# [Provided data]
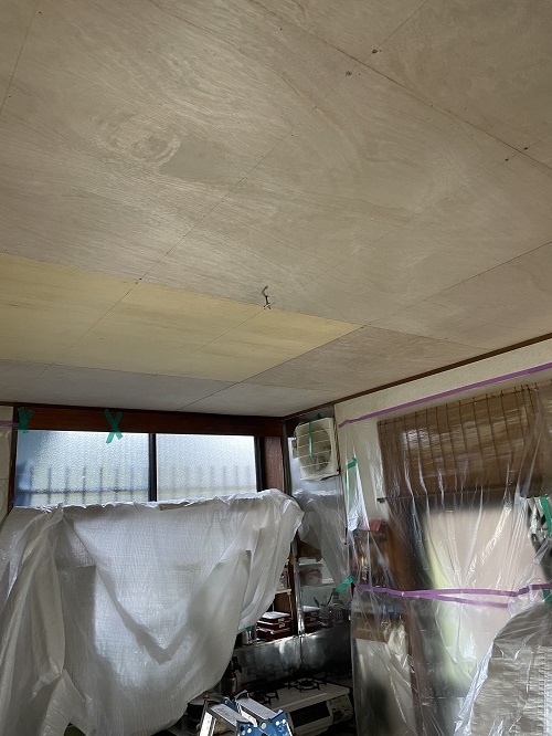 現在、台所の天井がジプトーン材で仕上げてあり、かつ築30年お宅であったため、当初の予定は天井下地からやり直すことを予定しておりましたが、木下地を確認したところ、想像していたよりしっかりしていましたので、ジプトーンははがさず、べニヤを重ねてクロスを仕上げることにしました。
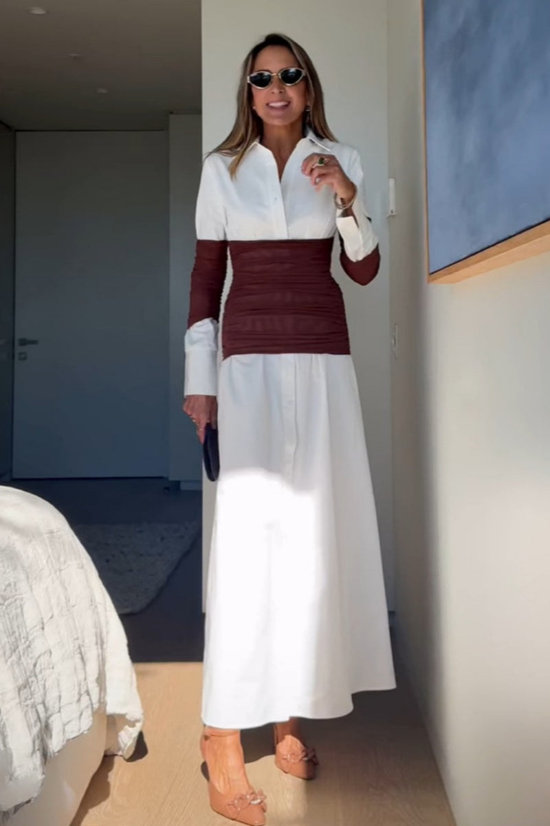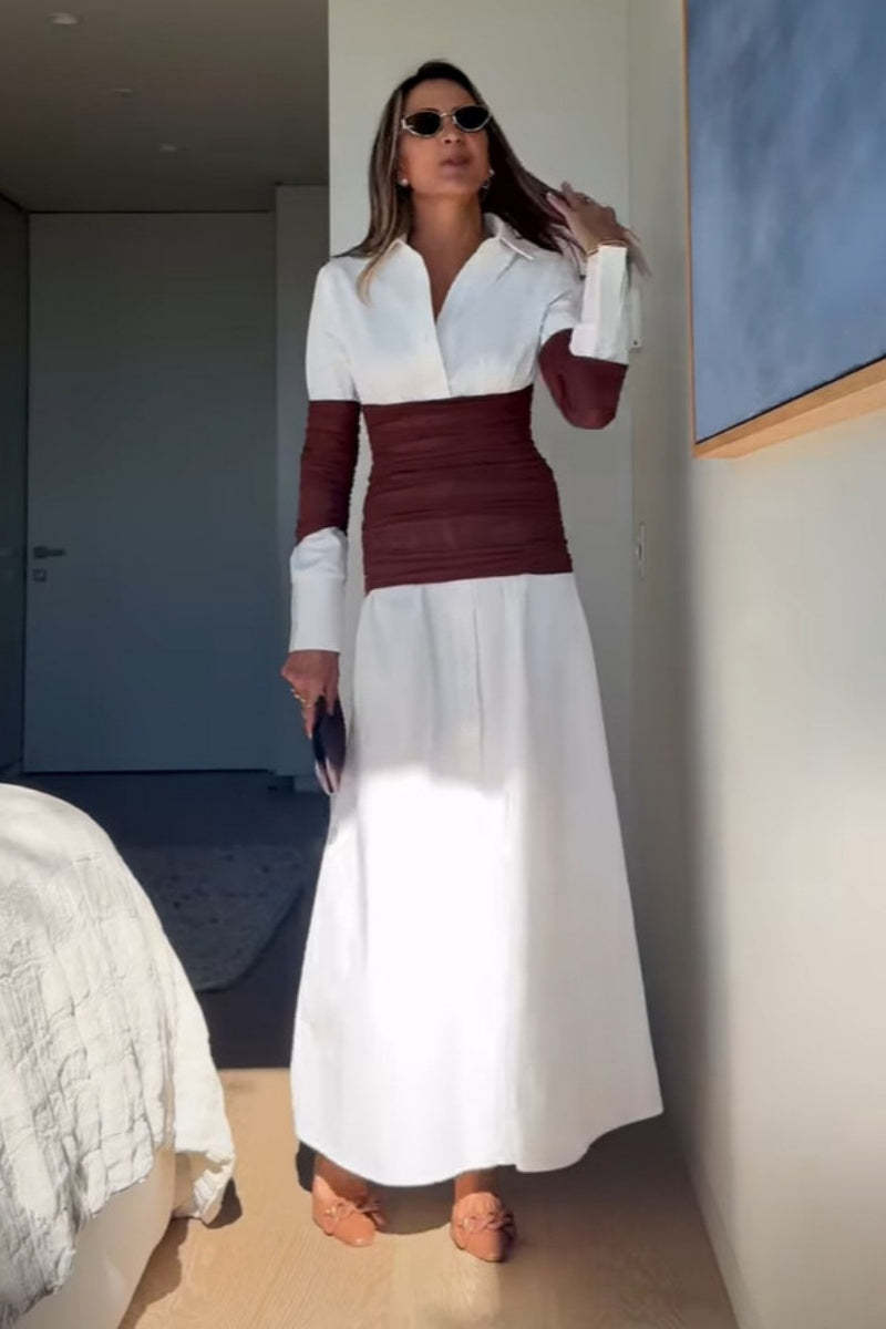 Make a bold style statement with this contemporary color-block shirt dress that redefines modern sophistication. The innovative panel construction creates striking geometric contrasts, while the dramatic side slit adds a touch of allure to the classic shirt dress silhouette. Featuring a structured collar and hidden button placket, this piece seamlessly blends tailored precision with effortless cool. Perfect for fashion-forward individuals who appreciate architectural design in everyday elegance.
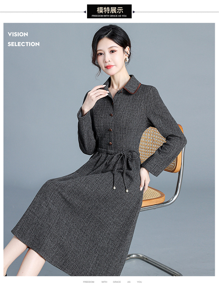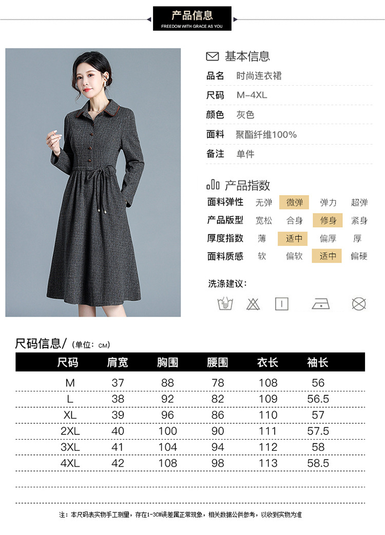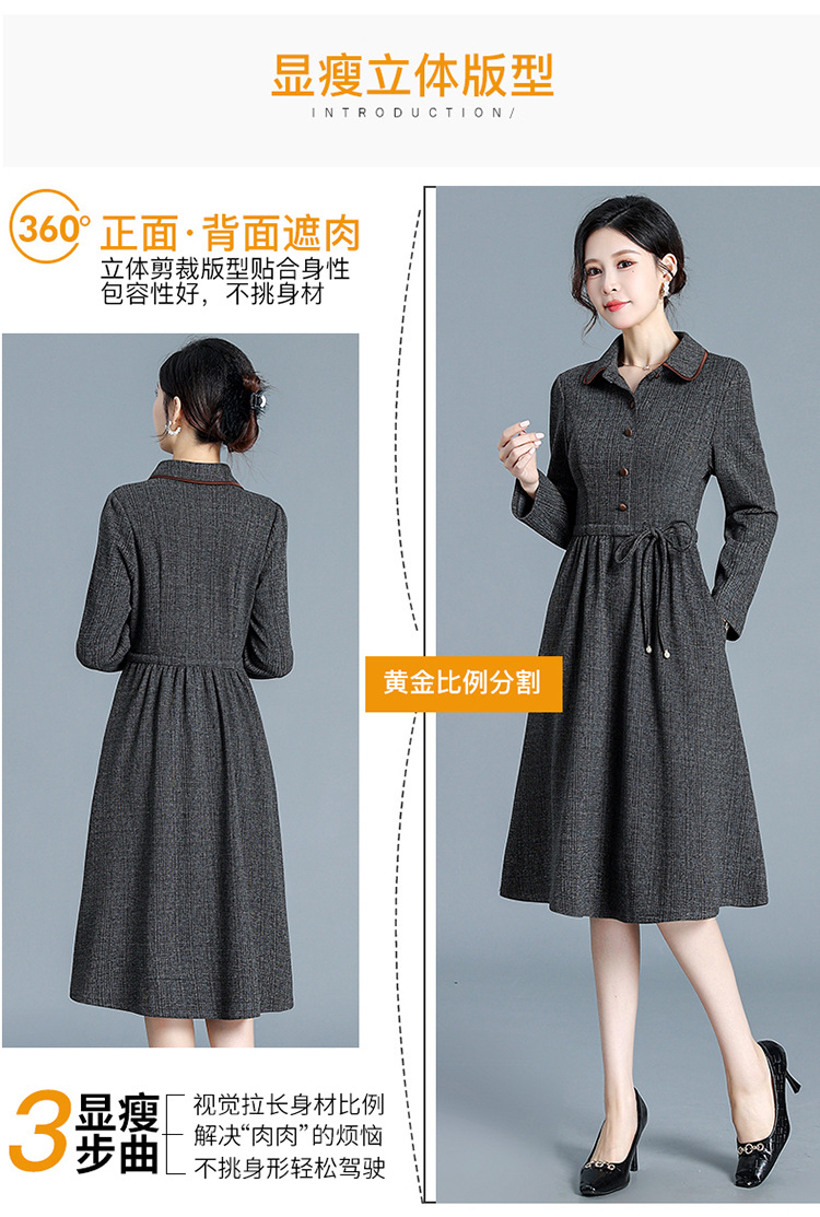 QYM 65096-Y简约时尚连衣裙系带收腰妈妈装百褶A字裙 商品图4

...

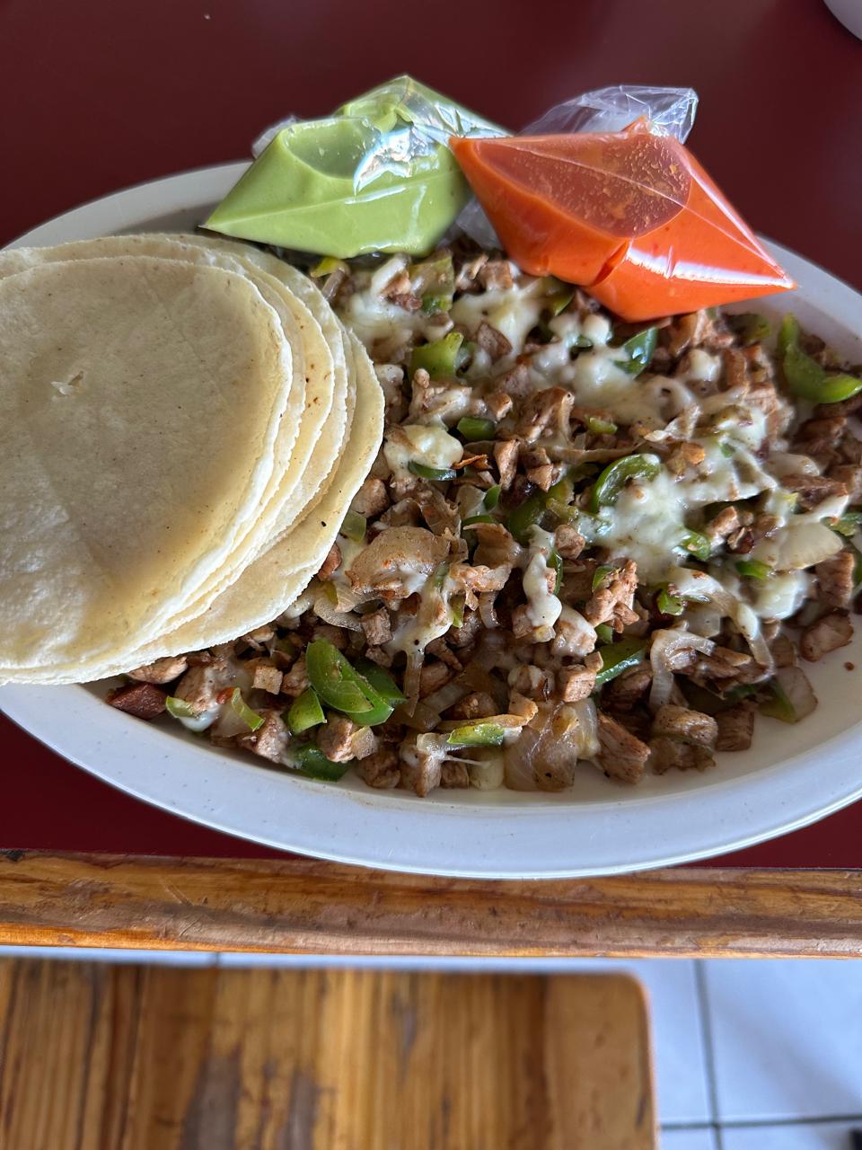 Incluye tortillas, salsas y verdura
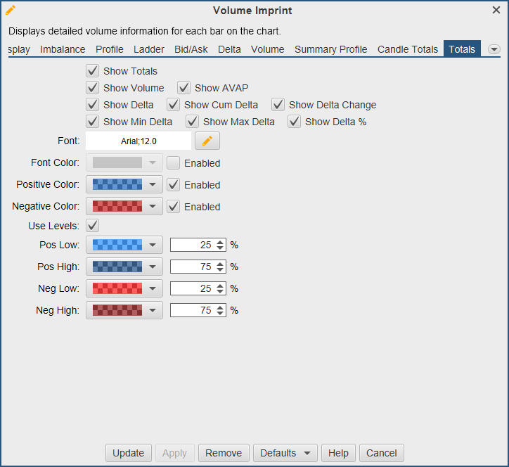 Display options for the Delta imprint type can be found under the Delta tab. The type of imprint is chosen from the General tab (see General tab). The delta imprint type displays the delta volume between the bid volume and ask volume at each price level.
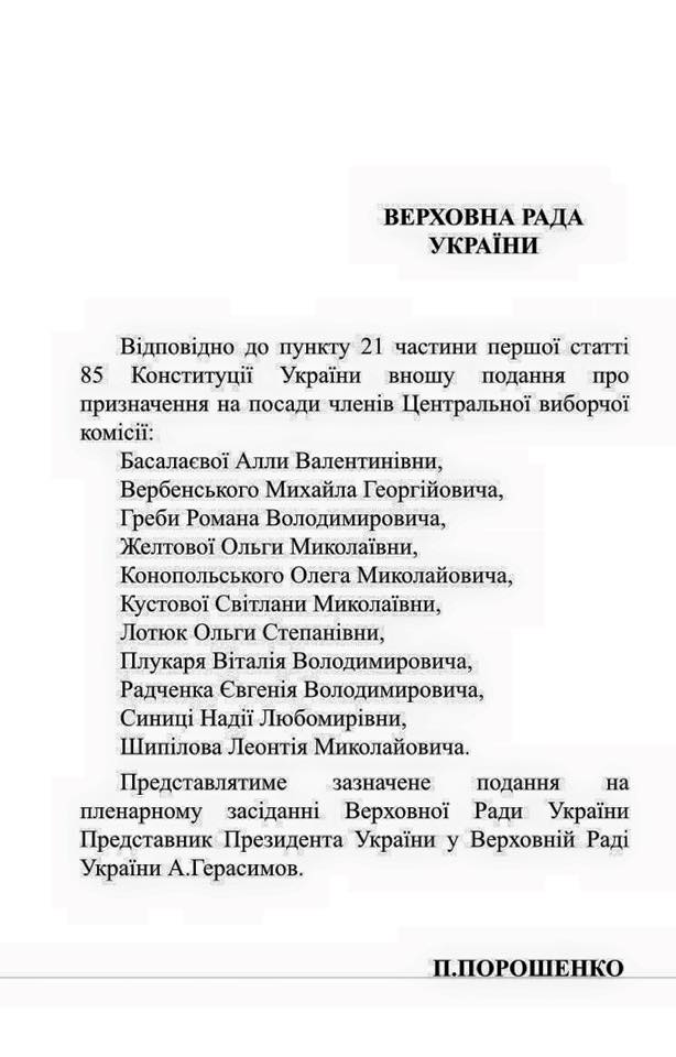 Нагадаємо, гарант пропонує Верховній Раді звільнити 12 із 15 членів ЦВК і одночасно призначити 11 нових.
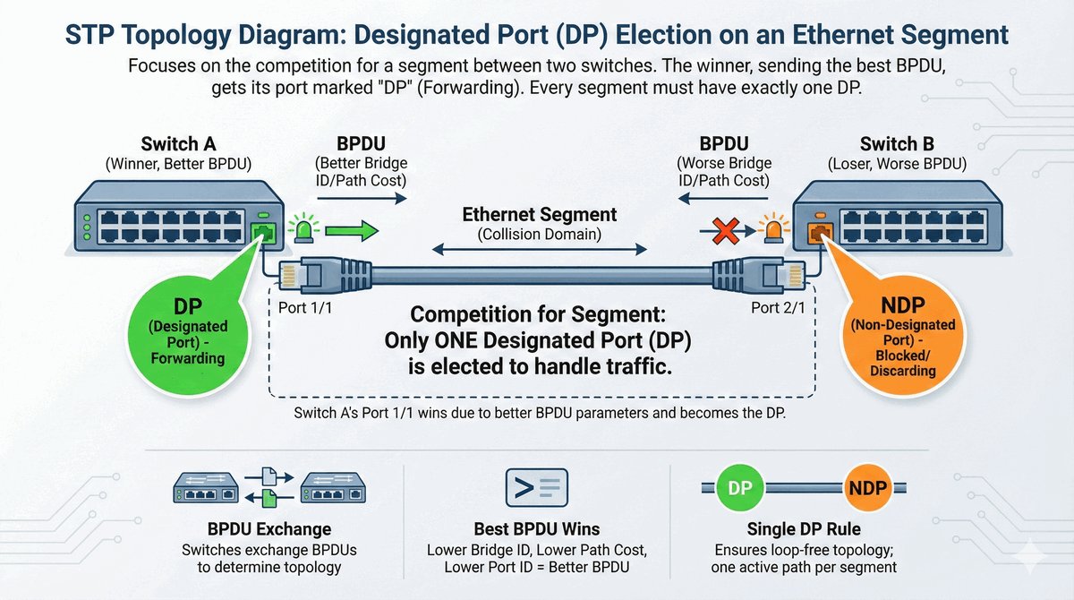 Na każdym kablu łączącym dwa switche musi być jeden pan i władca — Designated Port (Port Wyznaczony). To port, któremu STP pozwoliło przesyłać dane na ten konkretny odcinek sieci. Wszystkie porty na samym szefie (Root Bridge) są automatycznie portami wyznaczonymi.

==

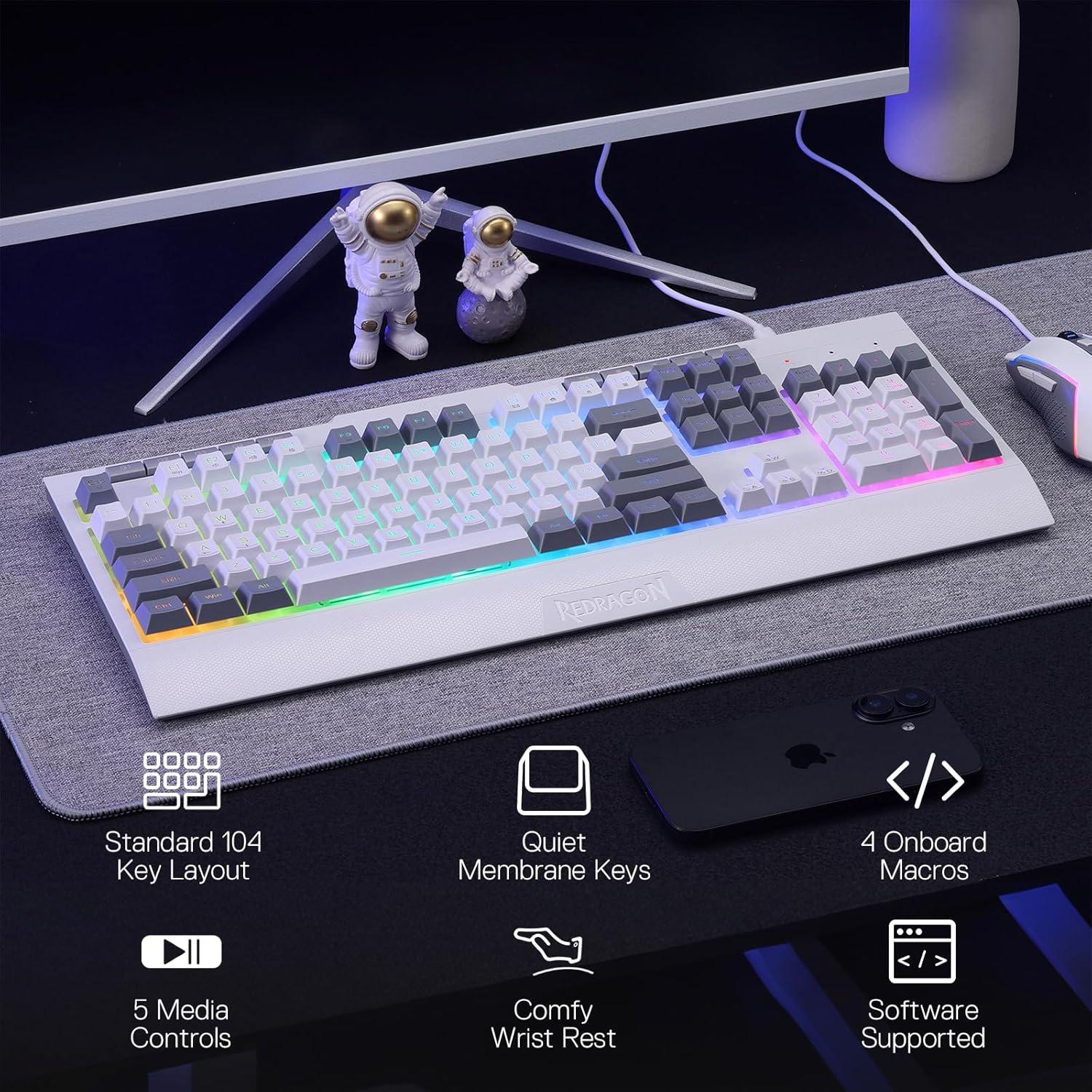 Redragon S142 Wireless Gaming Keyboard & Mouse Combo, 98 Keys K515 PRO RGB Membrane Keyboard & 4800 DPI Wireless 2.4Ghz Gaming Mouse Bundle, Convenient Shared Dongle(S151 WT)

# [What the exercise asks]
In the records above, everything from the line with "現在、台所の天井がジプトーン" down to the line with "QYM 65096-Y简约时尚连衣裙系带收腰妈妈装百褶A字裙 商品图4" is to be set down exactly, both ends included, with no pictures and no other lines.

# [The answer]
 現在、台所の天井がジプトーン材で仕上げてあり、かつ築30年お宅であったため、当初の予定は天井下地からやり直すことを予定しておりましたが、木下地を確認したところ、想像していたよりしっかりしていましたので、ジプトーンははがさず、べニヤを重ねてクロスを仕上げることにしました。
 Make a bold style statement with this contemporary color-block shirt dress that redefines modern sophistication. The innovative panel construction creates striking geometric contrasts, while the dramatic side slit adds a touch of allure to the classic shirt dress silhouette. Featuring a structured collar and hidden button placket, this piece seamlessly blends tailored precision with effortless cool. Perfect for fashion-forward individuals who appreciate architectural design in everyday elegance.
 QYM 65096-Y简约时尚连衣裙系带收腰妈妈装百褶A字裙 商品图4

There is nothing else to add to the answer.